The re-working of the Cancer Drugs Fund, now underway, is long overdue. Professor Peter Clark, the well respected oncologist who chairs it, has been left with the difficult task. One can argue that he has been left with the problem when the politicians who created the fund, and NHS England, which now owns it, don’t want that profile. Sadly for him, I don’t know of anyone better equipped for the task. He is, however, going to field a lot of criticism and it is going to echo into the l;eval system and the political arena.
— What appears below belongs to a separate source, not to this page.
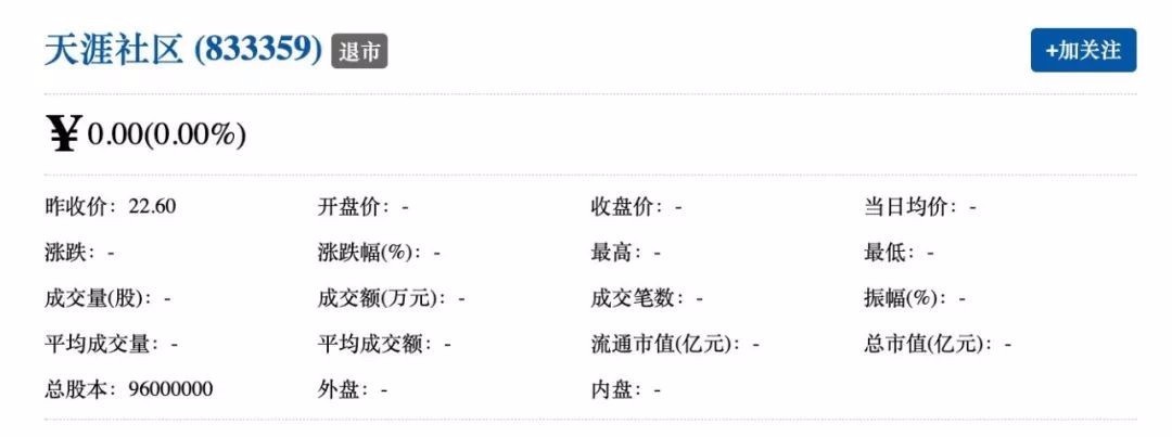 实际上挂牌以来,天涯社区二级市场交易并不活跃,且申报审批并未通过。2018年4月8日,董事会审议通过终止挂牌的议案。2019年4月17日,天涯社区正式在新三板摘牌。

The Fund was set up to ensure that people with a rarer cancer got an equal chance at new technology drugs as those with more common cancers. It was also aimed at treatment which had been refused NICE approval. Among rare cancers are drugs which have applicability to 50 or 60 patients a year and which are never going to be appraised by NICE because the cost of doing so is unreasonable. These should get funded. At the other end of the scale it is questionable whether a drug which NICE has rejected on the grounds of cost effectiveness should receive funding. However such drugs quite often already have an applicability outside the strict indication for which they were appraised by NICE. It is a factor of timing as much as anything else and these new indications can carry a badge of rarity because they are off the standard track of treatment.
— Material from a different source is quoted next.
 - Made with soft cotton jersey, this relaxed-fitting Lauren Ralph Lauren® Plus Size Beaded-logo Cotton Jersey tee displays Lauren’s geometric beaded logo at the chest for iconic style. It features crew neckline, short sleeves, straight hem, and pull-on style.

The CDF budget has inevitably burgeoned and the focus on drugs is also threatening to distort the evolving balance of treatment opportunity as new technologies in radiotherapy and new therapy methods employing techniques such as sound and light, appear.
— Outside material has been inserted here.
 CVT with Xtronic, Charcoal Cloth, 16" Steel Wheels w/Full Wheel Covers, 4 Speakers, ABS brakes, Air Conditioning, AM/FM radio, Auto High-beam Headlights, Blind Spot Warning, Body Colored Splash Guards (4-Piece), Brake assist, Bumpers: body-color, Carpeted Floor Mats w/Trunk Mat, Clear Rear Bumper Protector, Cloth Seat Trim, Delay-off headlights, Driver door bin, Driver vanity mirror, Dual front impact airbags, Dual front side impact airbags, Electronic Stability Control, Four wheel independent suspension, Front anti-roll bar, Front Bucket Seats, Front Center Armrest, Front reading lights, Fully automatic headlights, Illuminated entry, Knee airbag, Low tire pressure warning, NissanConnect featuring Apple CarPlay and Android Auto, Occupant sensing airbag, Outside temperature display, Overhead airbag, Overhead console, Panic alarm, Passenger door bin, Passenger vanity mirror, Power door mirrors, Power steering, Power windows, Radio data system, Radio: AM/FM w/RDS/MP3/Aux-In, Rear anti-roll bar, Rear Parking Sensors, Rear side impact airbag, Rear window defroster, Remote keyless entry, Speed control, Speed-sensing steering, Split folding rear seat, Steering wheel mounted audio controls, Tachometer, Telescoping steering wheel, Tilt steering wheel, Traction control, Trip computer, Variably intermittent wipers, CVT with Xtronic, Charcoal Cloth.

The review was inevitable, the squeaks of complaint from pharmaceutical companies are inevitable and the protest of patient groups is inevitable.

What is the answer?

There is no easy answer but if we look at the longer term history, which provides the context for the CDF, we can perhaps see a way through. The answer is in NICE which has consistently failed to recognise cancer as anything different from other disease/treatments areas. It uses a generic means of assessing the quality of benefit achieved by a treatment in isolation from the whole patient context in which that treatment takes place. Its former chairman, Professor Sir Michael Rawlins, instructed committee chairs to be ready to use their judgement. However the whole NICE appraisal process is quite rigorously focussed on the new drug and its immediate treatment purpose, not the value a drug can offer in the widest patient sense. The cost per QALY* benchmark has not altered in 18 years, not even to reflect inflation, and bandages put over the process such as “end of life” criteria are just that, bandages.

Peter Clark and his team are not trying to be another NICE but they are trying to identify criteria which allow them, openly, to refuse funding for a drug which offers little or no value. Let us hope they don’t try to evaluate drugs for rare cancers with the same sriteria as those for common cancers.

Rather than wingeing the pharmaceutical industry should be taking steps to illustrate indisputable value in their new agents. The current clinical trials model which industry (and to be fair regulators too) are wedded to does not do that. It’s a broken system. The patient community is not short of ideas on how to change things. The medical oncology community is also beginning to question the endless ‘me too’ drugs, treating yet another tumour pathway and offering another month of life with yet more side effects but only in common cancers of course**. Schemes like Cancer Research UK’s Stratified Medicine programme are welcome developments which will help change the shape of treatment and of drug regulation. Bring ‘em on.

 

*Quality Adjusted Life Year – a statistically derived measure of patient benefit built on factors which are so opaque you need a degree in Health Economics to argue them.

**Because that’s where you get the quickest payback.